In Venango County, Your Vote Counts… Once!

As we approach the 2020 Election Day, there are those who question the safety and security of our voting system.  Whether you vote in person or participate in the option to vote my mail, it is important to know that your vote is counted.

There seems to be legitimate concern in many areas of the country and in the state of Pennsylvania. Chamber President Susan Williams talked with the Venango County Commissioners and employees charged with executing Election Day.  They enthusiastically shared how things will work here—before, during, and after the election.

Jamie Kirkwood, Elections Coordinator (left) and Sabrina Backer, Director of Elections (right).

In Venango County, the three Commissioners serve as the election board.  Sabrina Backer is the Director of Elections, Jamie Kirkwood is Elections Coordinator and Melanie Bailey is Voter Registrar. To the most important question “How do I know my vote has been counted and that no one gets more than one vote?” Sabrina carefully explained options for voting, which include in-person voting at the polls or mail-in. 

Mail-in voting was introduced in the spring 2020 election. Absentee ballots, available previously, required a reason that a voter could not physically vote at the polls.  Mail-in ballots do not require justification. Every registered voter has the option to vote by mail, with several options for requesting a ballot. They include calling the courthouse annex, requesting your ballot online at, or using one of the forms many third party solicitors are sending. While the third party mailings may seem like propaganda, they can be used to request a ballot.

The election officials will only issue one ballot per voter. The envelope that contains the ballot has a unique qualifying barcode, one of the many controls to make certain that only one vote is cast per voter. In the event a voter mails a ballot and then goes to the poll, the poll worker will be able to verify if the mail-in ballot has been received. If it has not, the voter may cast a vote if they surrender their ballot and envelope to an Election Official, or they may vote with a provisional ballot.  If the mail-in ballot is later received, it will be discarded. There is a well-planned process for provisional voting that provides the election board a way to resolve any questionable ballots.

Voters will now sign in on Poll Pads at Venango County polling locations.

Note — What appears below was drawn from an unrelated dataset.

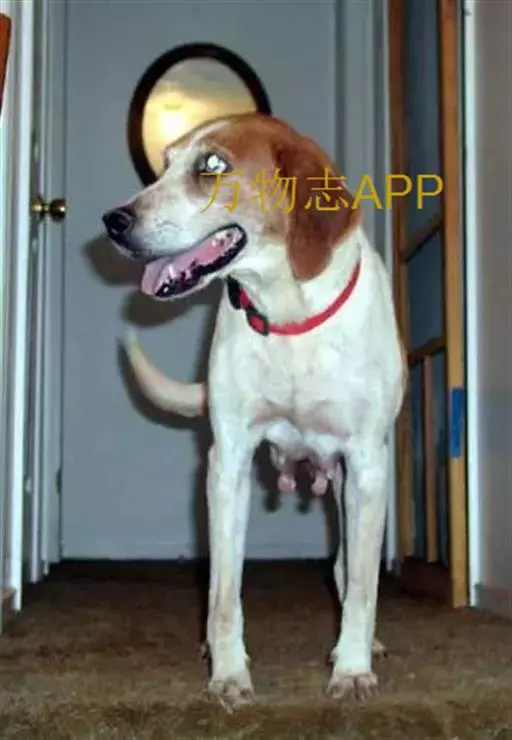 美国猎狐犬 美国猎狐犬头颅部较长,枕部稍成圆顶形,耳适度低位而长,拉起几乎达鼻尖,耳质地细致,相当宽,几乎完全缺乏直立能力而贴近头部,其前缘稍内转向颊部,耳尖圆眼大,眼距宽,褐色或淡褐色,吻相当长,直而方,额鼻阶明显。喉部干净,无皮折,但允许在嘴角下略有褶皱。肩胛斜,胸深,58厘米高的猎犬胸围71厘米为良好。肋骨扩张,背长适度,腰宽而稍拱起,尾中度高位,尾竖立,但不向前位于背上,稍弯,略成刷状。被毛为长度适中的贴身而硬的猎犬被毛,毛色为任何毛色 。

Venango County invested in new voting machines, first used in the November 2019 election. They have since added new technology—electronic poll books.  When voting in person, you will electronically sign the book. Jamie explains that this will be much more efficient in tracking who has voted and coordinating with any mail-in activity. Sabrina adds that all of these tools are extremely secure. County staff and poll workers have received extensive training and have many controls in place to protect the integrity of your vote.

Sabrina and Jamie admit that the work created by the mail-in vote is significant, especially with the expected 12,000 mailed ballots (approximately half of Venango Counties registered voters) they expect in the November election.  But they are genuinely emphatic that every vote counts and the priority is on making it possible for each and every voter to be able to participate in the electoral process.

To further explain the security of voting, the commissioners explain that the voting machines are in no way connected to the internet.  The process of collecting and protecting the votes is carefully secured.

There are many ways for the public to be involved, besides just casting a vote. Community members serve as poll workers and, while there are currently a sufficient number of volunteers, the County is always enthusiastic to train additional workers.  The commitment of a poll worker includes a two hour training and then Election Day, from 6 a.m. until 8:30 p.m., with no option to leave the polling location.

Jamie and Sabrina with County Commissioners Mike Dulaney and Chip Abramovic

Sabrina offered a few reminders to voters, including that all 44 precincts will be opened for in-person voting.  Those who chose to take their mail-in votes to the County in-person may only drop off their own ballot.

She assured us that they are well prepared to handle Venango County’s ballots, even anticipating the increased number of voters, the mailed in ballots and the process of resolving provisional votes (those that may require verification to assure a single, verified ballot has been cast).

Susan Williams remarks: “I left our meeting feeling very confident that our Commissioners and County staff are prepared for November 3rd and that my vote will be handled appropriately. We are fortunate to have the opportunity to cast a vote and I encourage our business community to support and encourage employees to participate in the election.”

Business for America (BFA), as part of the nonpartisan VoteSafe coalition, provides  suggestions for how businesses can support elections:

  • Employee volunteers: Poll workers and ballot preparation.
  • Facilities and logistics: Polling places in empty offices or warehouses, fleet vehicles for ballot pickup, ballot dropboxes on company property (all set for Nov. 2020)
  • Tech: Pro bono election technology and cybersecurity assistance.
  • Communications: Voter guides, social media content, public service announcements.

Sabrina confirms that the most helpful of these, at this time, would be sharing information. Venango County is very prepared for the November election, but willing volunteers are always appreciated, especially in planning for future elections.